"Okay, now hand me the sword," Kaori ordered, snapping her fingers. Osamu paused uncertainly, but when she snapped again and gestured her impatience, he handed the katana over. The woman stood just a half-meter shy of Olhos Do Ceu's very center, inside of a complex, presumably magical circle drawn primarily in blue chalk with additions in red and yellow.

"What is all this?" Osamu asked.

"Most of it is just noise…" Kaori admitted, "Rituals made to screw with people and disguise the true sources of power and motion. Thing is… I was never able to figure out what parts of it are unnecessary." She unsheathed the sword. "So, this time I'm doing everything to make sure it goes right. All the same… maybe you should leave?"

"I shoulda left hours ago!" he snapped, "This place is a bloody warzone! But what is it you're trying to do?"

"I'm… not entirely certain. This felt right."

"You're not…?"

"But I blew the place up last time I tried it, so you should probably go."

"I helped a… a…? You're a madwoman!"

She put her hands on her hips, not letting her sword touch the ground. "And how many times have people called you mad? Does it ever occur to you that I might occasionally have an idea of what I'm doing?"

"But from the way things sound, you don't!"

"Yeah…" she raised the katana, point down, over the center of the circle. "All the same, I'd feel really guilty if you were blown to pieces." They stared at each other for a few seconds. "Well?"

"I… I must say, I'm not too keen on the idea of you blowing yourself up…"

Kaori laughed. "Well, I'm touched. But like you said, it's a warzone. No sense in putting yourself in even more danger, is there?" Osamu vacillated, then sat down by the door and crossed his arms. "…huh. Have it your way."

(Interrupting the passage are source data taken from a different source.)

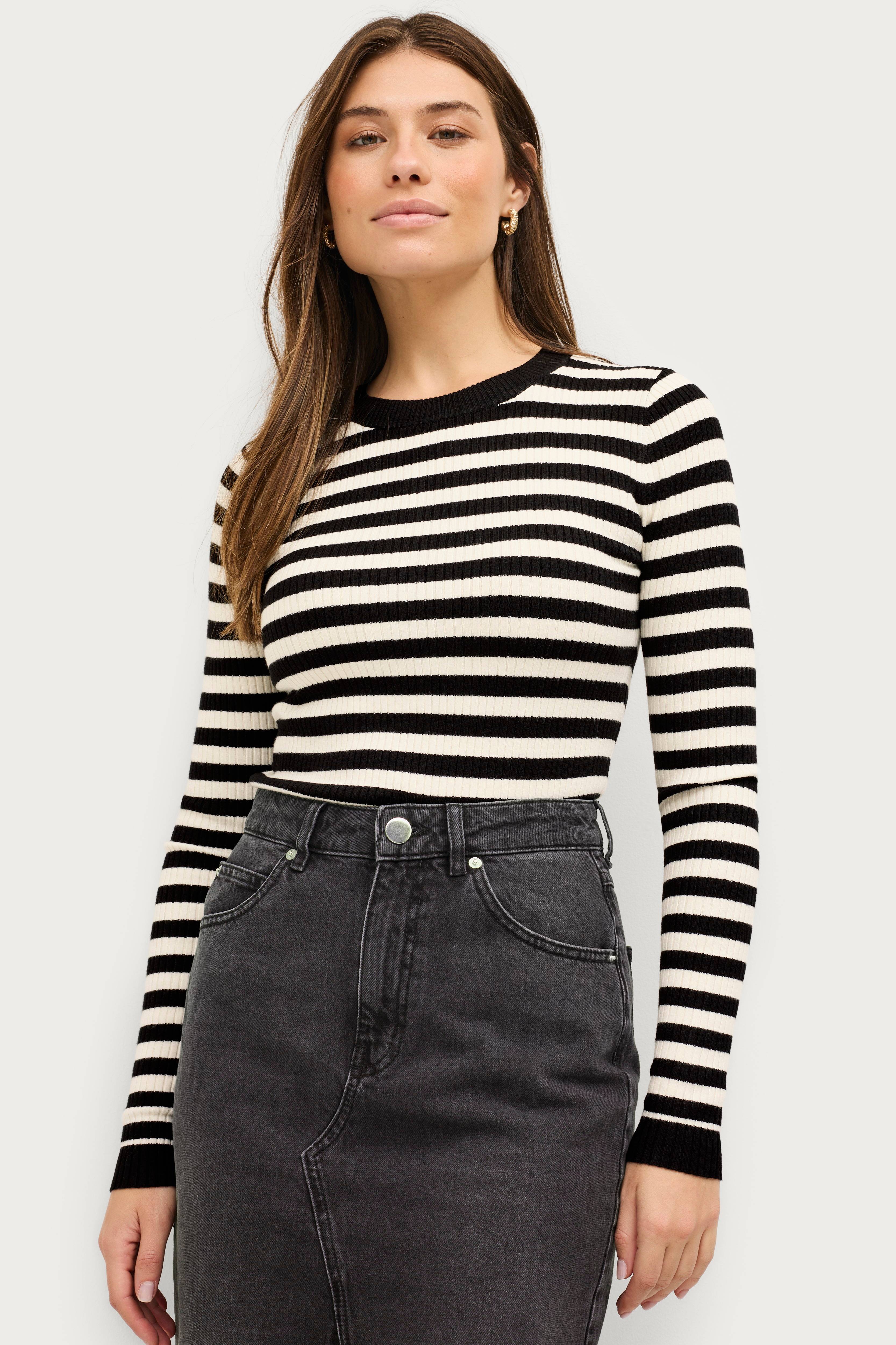 • Figurnära modell med stickade ränder• Ribbad rund hals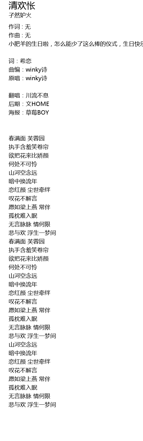 | 曲编:winky诗 | |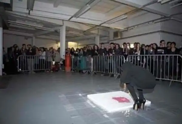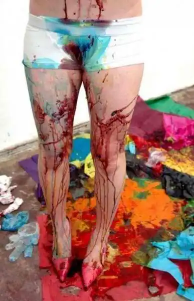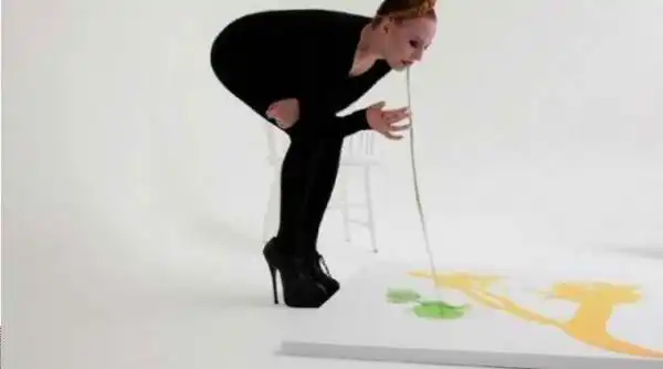 Знакомьтесь, Милли Браун. Поговаривают, что она не только художница, но и певица. Процесс творения происходит так: белая комната, двое барышень поют классическую арию, а Милли литрами хлещет краску, а потом блюет на полотно. Перфомансов уже было немало, говорят, что Милли даже успела наблевать на Леди Гагу. Кстати, одна картина выставлена на продажу - всего 2 400 долларов США. Так что, приобщаемся к искусству.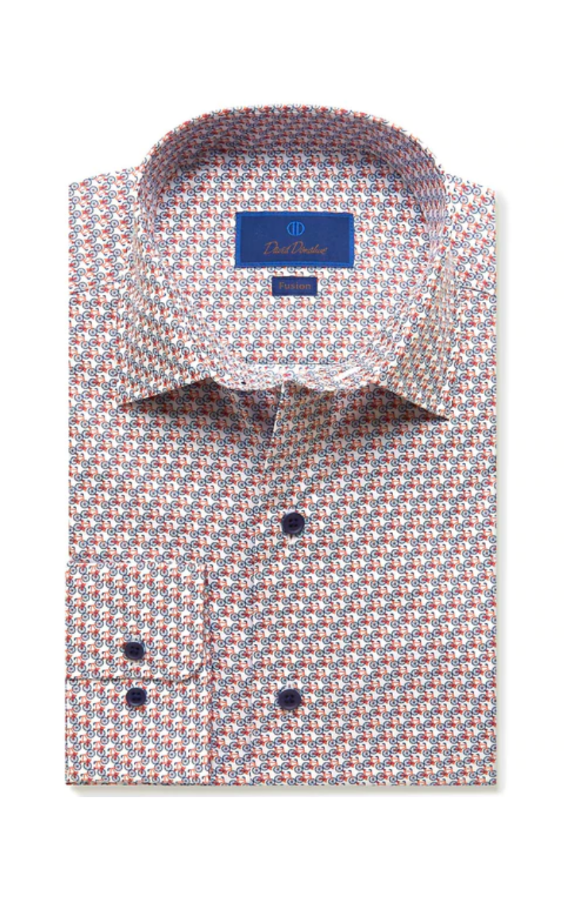 David Donahue Melon & Navy Bike Print Fusion Shirt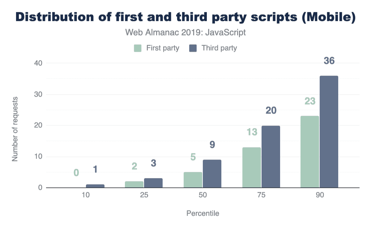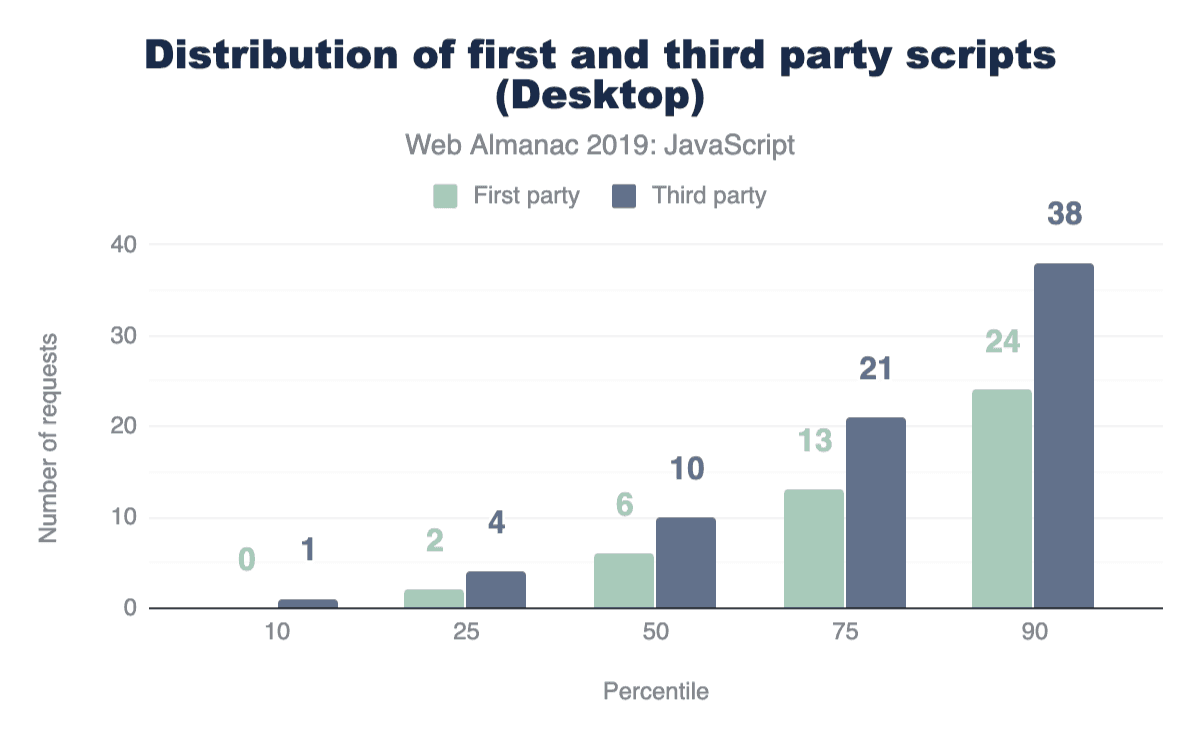 Third-party JavaScript can come from any external, third-party source. Ads, analytics and social media embeds are all common use-cases for fetching third-party scripts. So naturally, this brings us to our next question: how many requests sent are third-party instead of first-party?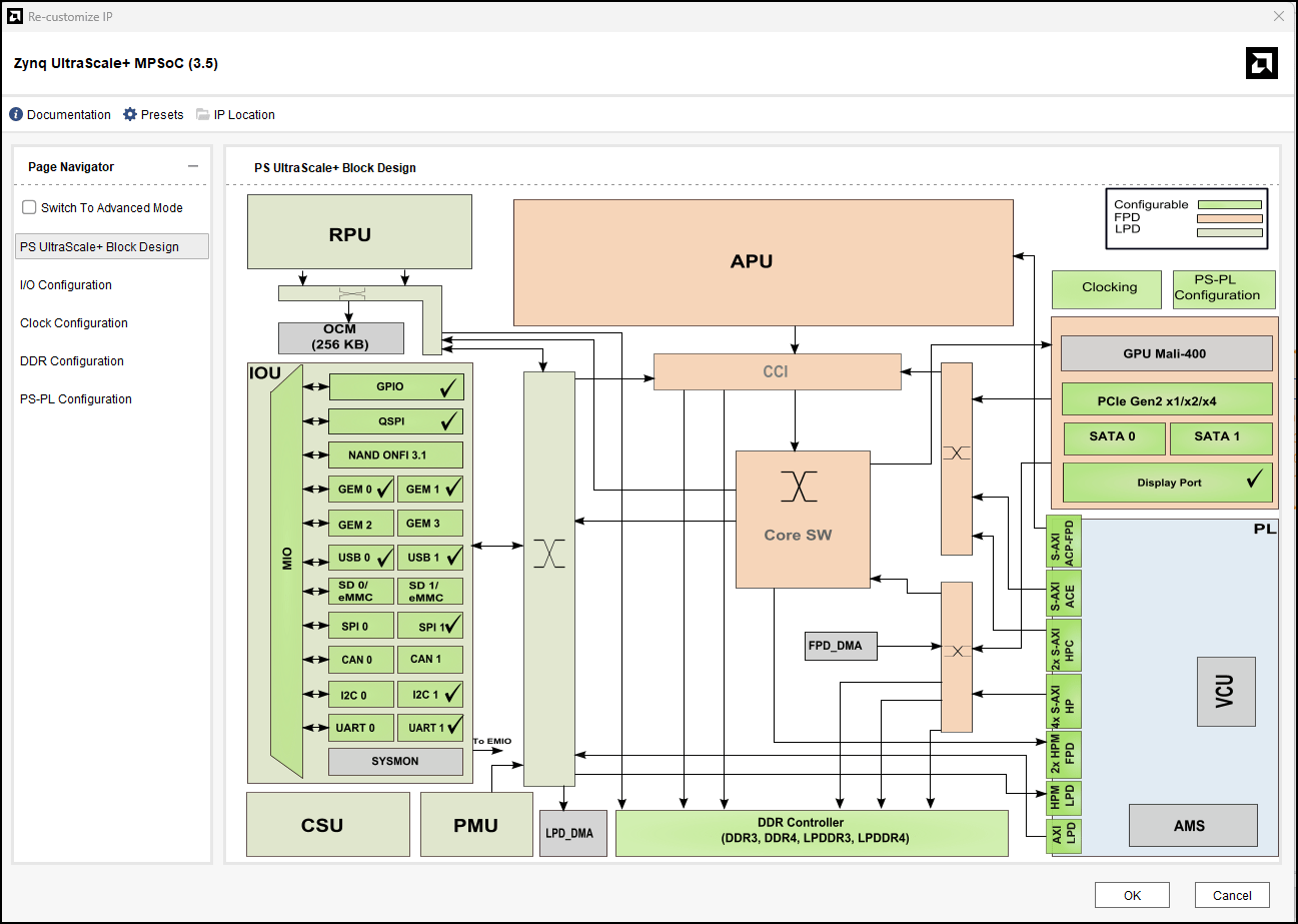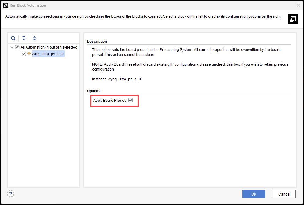 3. To set the board preset on the PS for Kria KR260 Robotics Starter Kit, select the Apply Board Preset check box. After applying the board preset, the block design marks the MIO peripherals according to the board definition.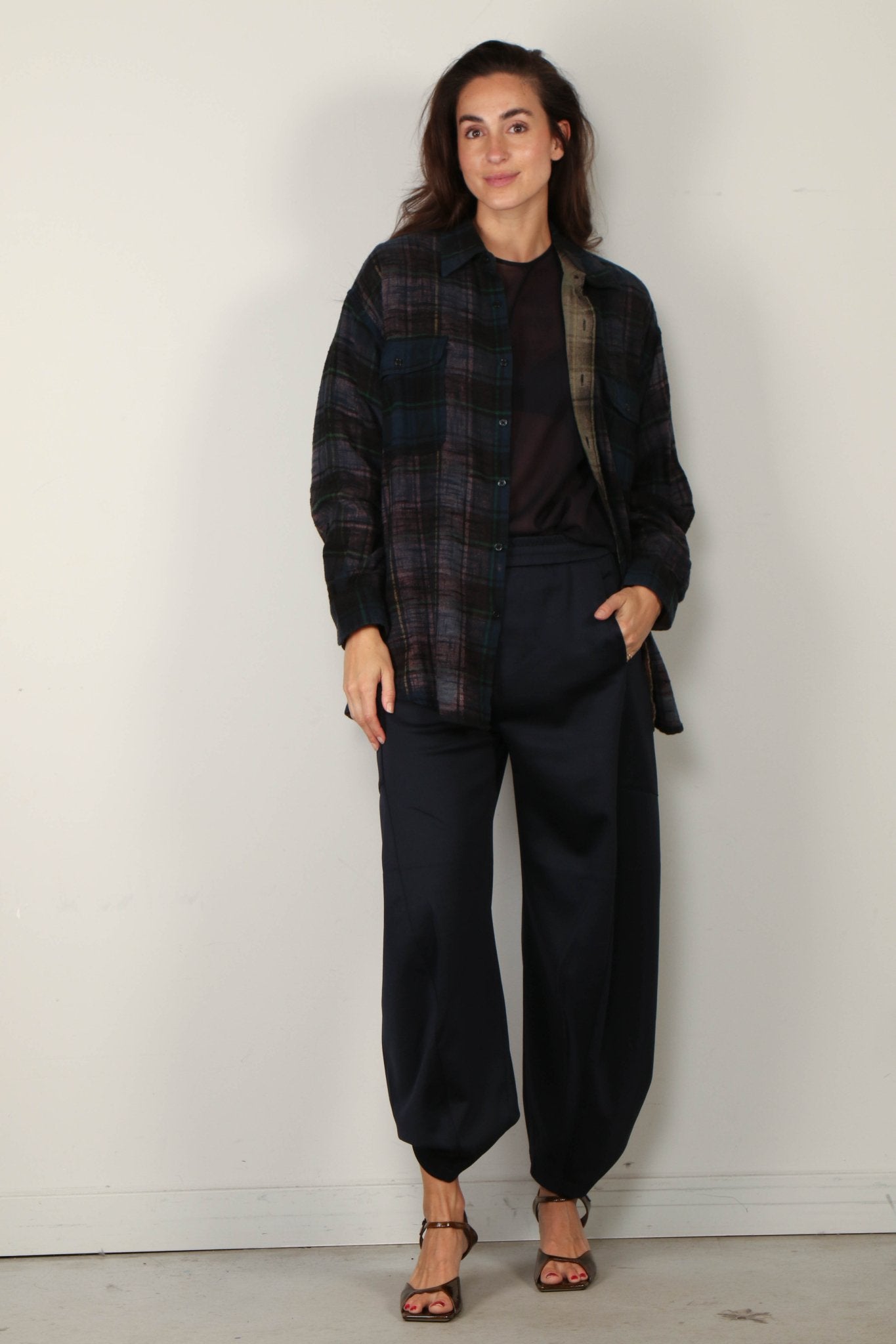 R13 Blouse - Boyfriend Shirt - Navy Plaid Blue

Her sword plunged into the floorboards.


Yomi was on her knees, clutching at her chest and gasping for breath. The astral beast hadn't done much more than nip at her before it vanished, but already a cold, leaden feeling was spreading from her nonexistent wounds. This seemed like a ridiculous way to die; she'd been prepared for ray guns, being stepped on and/or eaten by a giant monster, run over by a spaceship or even heart disease, but this was intolerable!

Ayumu made a move towards her, but Yukia swooped in and took hold of the side of her head. "Ut! We're not finished."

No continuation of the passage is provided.